Cultural practitioners in Eastern Europe oftentimes face the limitations of theoretical frameworks developed in Western Europe and North America. Departing mainly from a critique of western modernity and coloniality which enabled capitalism and subsequent environmental and racial injustice, these forms of critique are not directly applicable to the contexts of Eastern Europe and its states, that were a part of the Soviet modernity that operated within different economical and political models. Situated between imperial powers — coming from Western Europe and the Russian Empire, the lands of these states have been subjected to colonial and neo-colonial gazes that mapped and visualised these territories in their own ways, while rendering them into sites of material transactions and operational spaces where bodies, lands, living and non-living matter were cast as resources.

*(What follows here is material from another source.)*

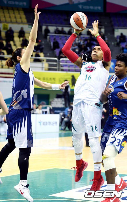 2일 오후 경기도 부천시 부천체육관에서 진행된 2016-2017 삼성생명 여자프로농구 KEB하나은행과 신한은행의 경기, 4쿼터 KEB하나은행 쏜튼이 골밑 슛을 시도하고 있다. / eastsea@osen.co.kr
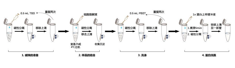 2、加入500 μL TBS (50 mM Tris HCl, 150 mM NaCl, pH 7.4),用移液槍輕柔吹打重懸磁珠,磁力架上靜置1~2 min(也可適當延長至5min),去除上清,重復上述步驟兩次。

Nida Art Colony is looking for cultural practitioners researching the Baltic States to join a two-week residency at NAC in Nida, Lithuania. The residency will provide participants with the opportunity to connect, exchange and share their practice with a small number of practitioners from Ukraine and the Baltic States. The goal of the residency is to look together at various specific sites — be it the Curonian Spit in Lithuania, Donbas in Ukraine, or approximations, such as Eastern Europe — and to think about the longer histories of sociotechnical imaginaries and spatial arrangements that inscribe themselves in bodies and lands, imagined as a component of material exchange.
By securing time to be and think together, the intention is to collectively reflect on gaps in knowledge that obscure or mute these territories, their histories, and the material aspects of colonial rendering of these lands into a resource. The goal is to address the sociotechnical arrangements and spatial organisations that enable slow violence and environmental damage while equating the human population and life at large to geological, agricultural, and other forms of matter with usable material capacities.
Throughout the two weeks participants will share their existing work as well as work-in-progress research with the aim to contribute to a laboratory of practices and ideas through fieldwork, screenings, lectures and discussions. During the residency, a shared vocabulary and bibliography will be developed that supports the production of situated knowledge within these contexts.
Participant’s contribution throughout the residency: artist talk or lecture, working on an individual project or a collective work-in-progress presentation.
Participant’s contribution upon completion (by May 2023): a text or a visual essay to be published on the NAC website.
Participation is open to professionals working in the field of culture, academic researchers, PhD students and Postdoc researchers with a focus on the Baltic States. NAC covers travel costs up to 250€ and an individual residency stipend of 800€.